You've got a blown fusible link that supplies power to the rad fan relay. Sometimes the links look fine when there really blown.

Shelbyz26
08-20-2007, 08:54 PM
Thanks man. It's pourin here now and I don't have a garage so if it lets up at all tomorrow I'll get that fixed.

Matt

Dave
08-20-2007, 09:39 PM
Or if youre lazy just run a toggle switch from a 12v power to a switch then to the fans power wire. ;)

turbovanmanČ
08-21-2007, 12:38 AM
Or if youre lazy just run a toggle switch from a 12v power to a switch then to the fans power wire. ;)

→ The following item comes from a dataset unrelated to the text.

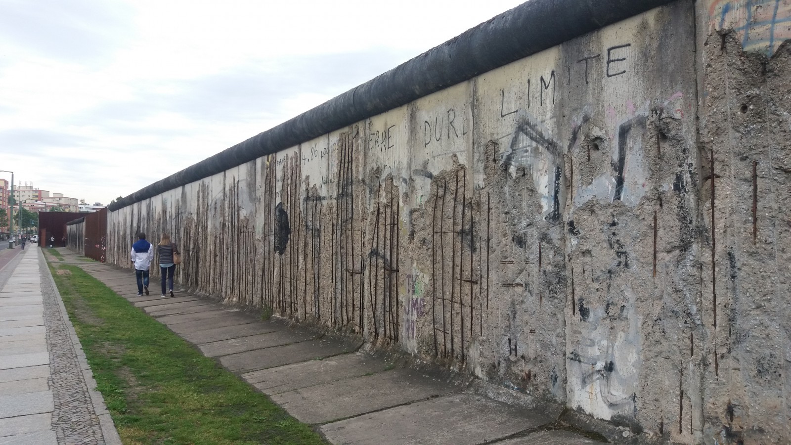 A few minutes walk from the watchtower on Erna Berger Strasse looms a 200m long section of the outer Berlin Wall. Each section was made of pre-cast concrete used by farmers to build open silos. It was 3.60 meters high and 1.20 meters wide and topped off by a smooth asbestos-concrete pipe. The remains of this section are marked by deep gashes and even holes left by the souvenir-seekers and -sellers who chipped away at the concrete in the days and weeks after the border was opened.

Not really a good idea but an ok temp one.

Shelbyz26
08-21-2007, 09:39 AM
Haha...well to be honest I did think of doin that for awhile before I asked you guys since my other Z has a bad power wire to the starter and has to be coast/push started and is my DD. If car problems didn't come in multiples I wouldn't know what to do with myself...

Matt

Shelbyz26
08-21-2007, 04:41 PM
Well you guys definitely called it...fusible link. Found it about an hour ago, stripped the wire ends and it promptly started pouring again. Oh well at least I know where the problem is now. Thanks again guys.

Matt

Dave
08-22-2007, 12:27 AM
Way to call it, Simon! Glad to see you found it. :thumb:

Shelbyz26
08-22-2007, 10:53 AM
Hmm....well I have an unfortunate update. I eliminated the fusible link last night. Test drove the car and the fan cycled on fine and the overheating problem was gone. Drove the car for 2 hours with no problems. Woke up this morning, started the car, drove about half a mile and smelled burning wires. By the time I pulled off the car had shut off and smoke was pouring out from under the hood. All the wiring into both the A/C and fan relays is torched and it goes the entire way to the fan and A/C pigtails. Sooo my car is out of commission once again.....the saga continues

Matt

JeremyL
08-22-2007, 11:11 AM
Check the amperage draw on your fan & on your A/C clutch, I bet one is pulling too much current. I had that problem with another TD of mine one time. Luckily it just melted the plug at the relay & about 3 inches of wire. I changed out the fan for another one I had and spliced in a new section of wire & plug & the problem went away.

Turbodave
08-22-2007, 02:20 PM
Sounds like something is either shorting out or drawing a ton of current like Jeremy said. Fusible links don't usually blow unless something else in the system is messed up.

turbovanmanČ
08-22-2007, 03:11 PM
Hmm....well I have an unfortunate update. I eliminated the fusible link last night. Test drove the car and the fan cycled on fine and the overheating problem was gone. Drove the car for 2 hours with no problems. Woke up this morning, started the car, drove about half a mile and smelled burning wires. By the time I pulled off the car had shut off and smoke was pouring out from under the hood. All the wiring into both the A/C and fan relays is torched and it goes the entire way to the fan and A/C pigtails. Sooo my car is out of commission once again.....the saga continues

Matt

I know you know this now but NEVER delete a fuse or fusible link, you see what happens. I would venture to say your fan is fubar and drawing way to much amperage.

Shelbyz26
08-22-2007, 06:14 PM
Haha well yeah you could say that....where would I go about getting another fusible link?

turbovanmanČ
08-22-2007, 06:28 PM
Haha well yeah you could say that....where would I go about getting another fusible link?

Autoparts stores, electric supply places. You usually get it by the foot, something like $3 a ft or something silly.